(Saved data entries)
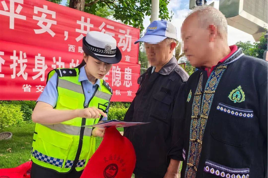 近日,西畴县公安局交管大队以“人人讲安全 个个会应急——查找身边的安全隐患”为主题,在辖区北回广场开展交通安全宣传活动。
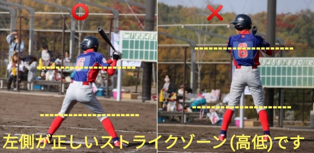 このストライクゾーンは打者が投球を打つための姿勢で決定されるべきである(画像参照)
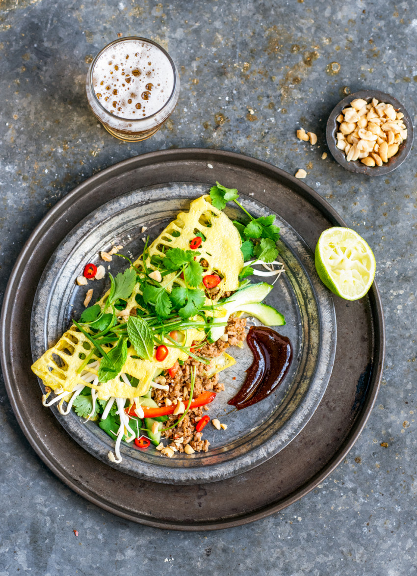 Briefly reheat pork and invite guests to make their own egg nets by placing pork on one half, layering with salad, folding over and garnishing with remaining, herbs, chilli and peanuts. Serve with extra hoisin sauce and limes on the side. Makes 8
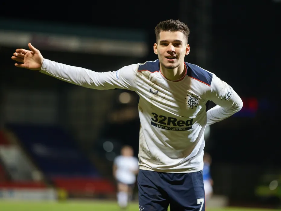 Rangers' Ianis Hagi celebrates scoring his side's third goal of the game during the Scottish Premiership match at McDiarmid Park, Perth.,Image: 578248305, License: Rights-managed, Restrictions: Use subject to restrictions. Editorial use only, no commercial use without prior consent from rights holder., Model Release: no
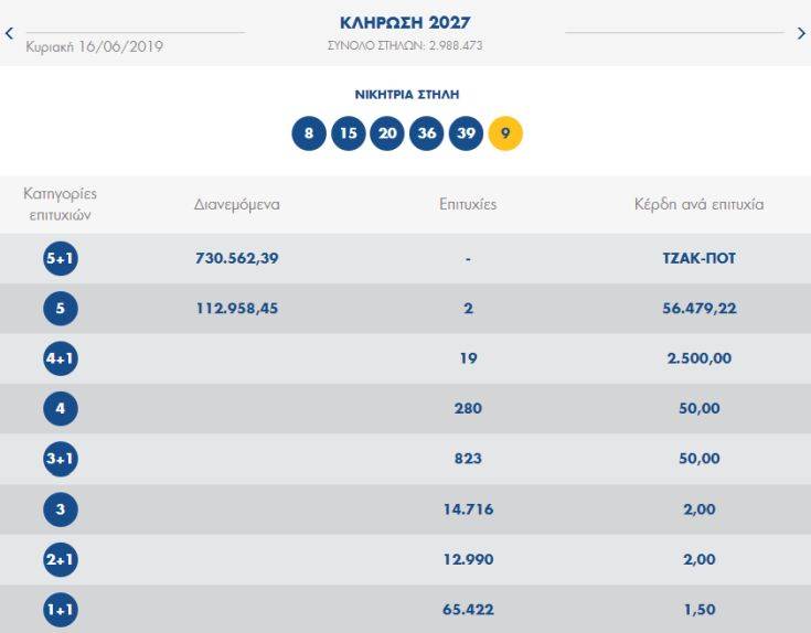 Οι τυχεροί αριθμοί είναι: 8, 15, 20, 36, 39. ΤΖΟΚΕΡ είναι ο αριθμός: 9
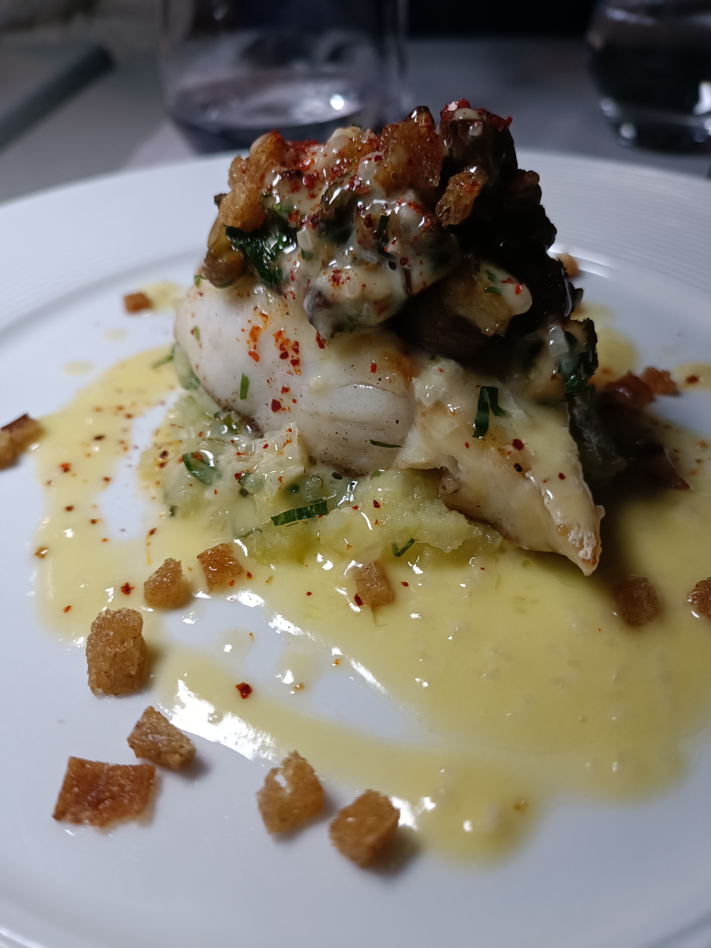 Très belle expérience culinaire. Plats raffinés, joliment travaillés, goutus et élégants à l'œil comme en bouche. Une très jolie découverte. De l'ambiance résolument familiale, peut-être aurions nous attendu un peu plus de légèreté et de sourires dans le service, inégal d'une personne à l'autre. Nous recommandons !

* * *

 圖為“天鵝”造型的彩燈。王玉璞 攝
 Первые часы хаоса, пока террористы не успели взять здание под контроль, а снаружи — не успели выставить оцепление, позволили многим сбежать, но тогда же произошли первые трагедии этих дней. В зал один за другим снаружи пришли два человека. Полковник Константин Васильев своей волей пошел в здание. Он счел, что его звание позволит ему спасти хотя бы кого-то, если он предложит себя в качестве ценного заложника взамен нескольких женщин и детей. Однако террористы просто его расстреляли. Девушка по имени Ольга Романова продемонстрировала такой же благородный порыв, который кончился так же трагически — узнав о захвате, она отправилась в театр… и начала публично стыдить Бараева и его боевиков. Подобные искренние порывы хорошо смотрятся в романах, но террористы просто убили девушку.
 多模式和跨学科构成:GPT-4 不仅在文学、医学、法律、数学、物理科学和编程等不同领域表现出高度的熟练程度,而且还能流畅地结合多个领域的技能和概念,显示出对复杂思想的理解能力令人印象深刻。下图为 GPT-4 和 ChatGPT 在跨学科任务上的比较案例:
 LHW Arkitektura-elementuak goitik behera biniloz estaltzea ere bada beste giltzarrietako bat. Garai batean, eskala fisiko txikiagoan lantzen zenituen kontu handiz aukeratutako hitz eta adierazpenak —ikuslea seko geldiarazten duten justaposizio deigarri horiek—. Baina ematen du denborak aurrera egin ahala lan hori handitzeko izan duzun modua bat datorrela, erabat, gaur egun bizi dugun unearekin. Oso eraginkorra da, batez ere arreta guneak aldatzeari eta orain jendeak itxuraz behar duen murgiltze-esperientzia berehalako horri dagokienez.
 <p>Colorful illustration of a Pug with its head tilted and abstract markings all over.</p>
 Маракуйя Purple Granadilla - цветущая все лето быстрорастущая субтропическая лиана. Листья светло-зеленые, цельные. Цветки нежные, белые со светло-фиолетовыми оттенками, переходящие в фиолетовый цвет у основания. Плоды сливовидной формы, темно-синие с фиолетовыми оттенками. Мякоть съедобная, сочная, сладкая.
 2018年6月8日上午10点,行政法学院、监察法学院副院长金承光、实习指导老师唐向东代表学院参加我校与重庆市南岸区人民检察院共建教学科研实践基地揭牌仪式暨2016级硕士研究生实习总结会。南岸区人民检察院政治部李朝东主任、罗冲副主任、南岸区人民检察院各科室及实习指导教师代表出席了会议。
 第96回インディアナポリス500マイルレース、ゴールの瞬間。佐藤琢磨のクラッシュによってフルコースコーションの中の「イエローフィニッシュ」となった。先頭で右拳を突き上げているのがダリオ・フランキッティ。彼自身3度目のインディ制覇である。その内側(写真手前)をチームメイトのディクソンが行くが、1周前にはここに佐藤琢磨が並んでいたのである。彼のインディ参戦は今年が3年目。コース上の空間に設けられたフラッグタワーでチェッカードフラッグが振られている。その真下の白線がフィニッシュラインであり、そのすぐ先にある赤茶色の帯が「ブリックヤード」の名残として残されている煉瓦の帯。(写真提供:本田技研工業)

**REQUIRED WORK**
Each line above that falls between the line with "近日,西畴县公安局交管大队以" and the line with "Briefly reheat pork" should be printed exactly, together with those two lines, but the pictures should not.

**OUTPUT FOR THIS TASK**
 近日,西畴县公安局交管大队以“人人讲安全 个个会应急——查找身边的安全隐患”为主题,在辖区北回广场开展交通安全宣传活动。
 このストライクゾーンは打者が投球を打つための姿勢で決定されるべきである(画像参照)
 Briefly reheat pork and invite guests to make their own egg nets by placing pork on one half, layering with salad, folding over and garnishing with remaining, herbs, chilli and peanuts. Serve with extra hoisin sauce and limes on the side. Makes 8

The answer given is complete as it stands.